- _Exercise brief_
Return nothing but the lines from the one with "Lisa Says Gah" through the one with "shirt beige con" in the data below, word for word and without pictures.

- _Stored data_

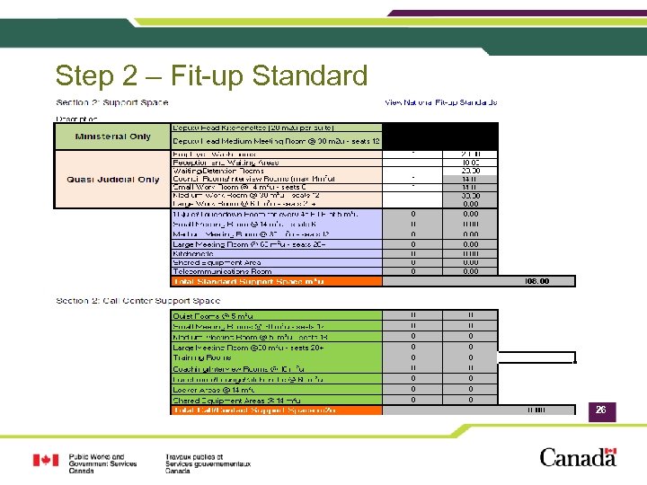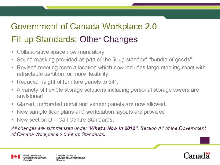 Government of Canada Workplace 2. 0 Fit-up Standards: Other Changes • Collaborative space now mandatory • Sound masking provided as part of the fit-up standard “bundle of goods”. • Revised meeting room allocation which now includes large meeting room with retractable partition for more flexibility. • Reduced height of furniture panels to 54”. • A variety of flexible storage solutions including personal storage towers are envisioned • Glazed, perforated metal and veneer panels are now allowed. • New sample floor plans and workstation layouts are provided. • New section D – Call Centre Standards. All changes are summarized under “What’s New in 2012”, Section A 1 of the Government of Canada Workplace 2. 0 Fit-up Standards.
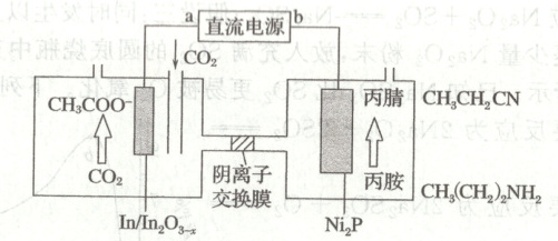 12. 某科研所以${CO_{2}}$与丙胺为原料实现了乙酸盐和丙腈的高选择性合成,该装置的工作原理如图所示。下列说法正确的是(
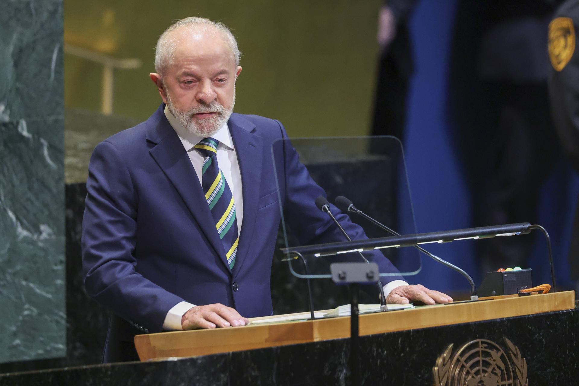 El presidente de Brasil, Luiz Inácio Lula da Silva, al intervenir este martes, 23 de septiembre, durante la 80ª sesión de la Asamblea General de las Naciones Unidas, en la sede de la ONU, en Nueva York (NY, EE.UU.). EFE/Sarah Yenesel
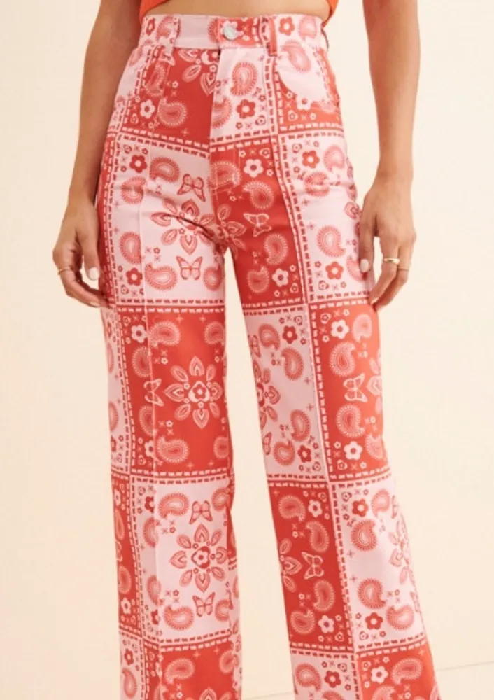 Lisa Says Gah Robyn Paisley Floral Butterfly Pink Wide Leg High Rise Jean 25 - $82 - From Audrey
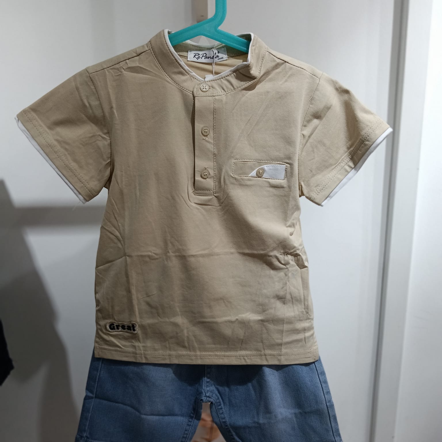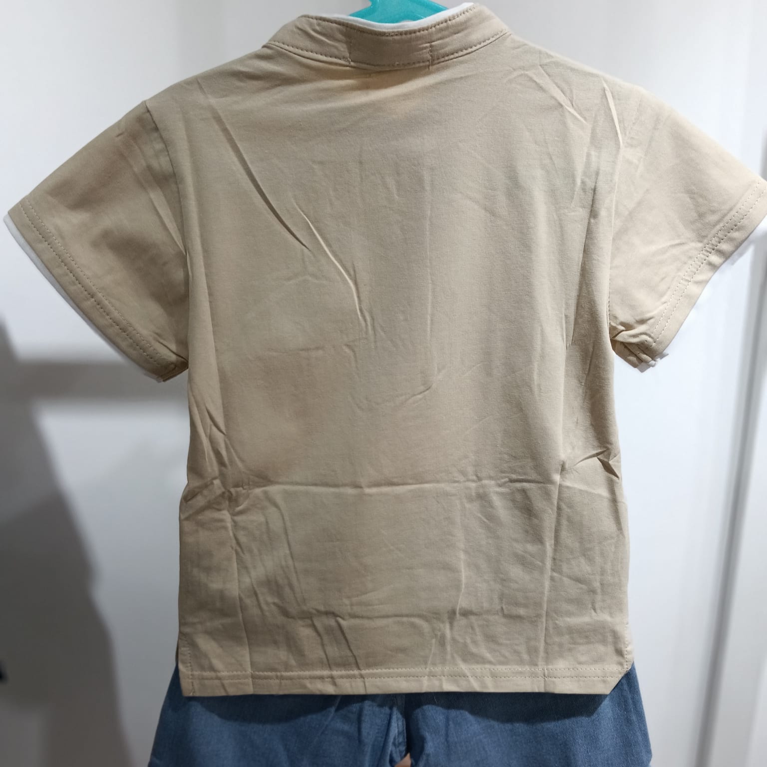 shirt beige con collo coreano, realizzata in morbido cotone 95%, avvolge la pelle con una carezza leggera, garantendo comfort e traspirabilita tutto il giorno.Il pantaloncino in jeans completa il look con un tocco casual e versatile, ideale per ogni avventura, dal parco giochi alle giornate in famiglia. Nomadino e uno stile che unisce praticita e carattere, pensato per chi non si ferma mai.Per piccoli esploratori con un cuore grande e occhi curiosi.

...

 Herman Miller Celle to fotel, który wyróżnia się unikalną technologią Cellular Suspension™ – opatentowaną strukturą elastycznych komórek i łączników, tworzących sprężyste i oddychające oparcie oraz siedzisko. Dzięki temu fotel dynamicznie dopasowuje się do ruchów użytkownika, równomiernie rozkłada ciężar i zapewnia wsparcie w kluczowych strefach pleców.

==

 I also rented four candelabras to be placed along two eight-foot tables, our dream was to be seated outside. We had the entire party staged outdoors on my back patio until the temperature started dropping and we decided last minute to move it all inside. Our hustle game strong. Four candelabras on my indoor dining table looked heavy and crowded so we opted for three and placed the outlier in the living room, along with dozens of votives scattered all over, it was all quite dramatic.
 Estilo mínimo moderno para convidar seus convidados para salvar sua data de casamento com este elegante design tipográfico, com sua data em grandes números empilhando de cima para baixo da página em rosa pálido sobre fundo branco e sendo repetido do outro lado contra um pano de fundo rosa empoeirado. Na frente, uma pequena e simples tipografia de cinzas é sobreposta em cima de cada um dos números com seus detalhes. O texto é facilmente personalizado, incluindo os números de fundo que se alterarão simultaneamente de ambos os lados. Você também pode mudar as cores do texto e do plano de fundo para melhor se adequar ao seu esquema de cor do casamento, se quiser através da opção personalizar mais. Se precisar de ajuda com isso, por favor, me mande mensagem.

- _Result of the exercise_
 Lisa Says Gah Robyn Paisley Floral Butterfly Pink Wide Leg High Rise Jean 25 - $82 - From Audrey
 shirt beige con collo coreano, realizzata in morbido cotone 95%, avvolge la pelle con una carezza leggera, garantendo comfort e traspirabilita tutto il giorno.Il pantaloncino in jeans completa il look con un tocco casual e versatile, ideale per ogni avventura, dal parco giochi alle giornate in famiglia. Nomadino e uno stile che unisce praticita e carattere, pensato per chi non si ferma mai.Per piccoli esploratori con un cuore grande e occhi curiosi.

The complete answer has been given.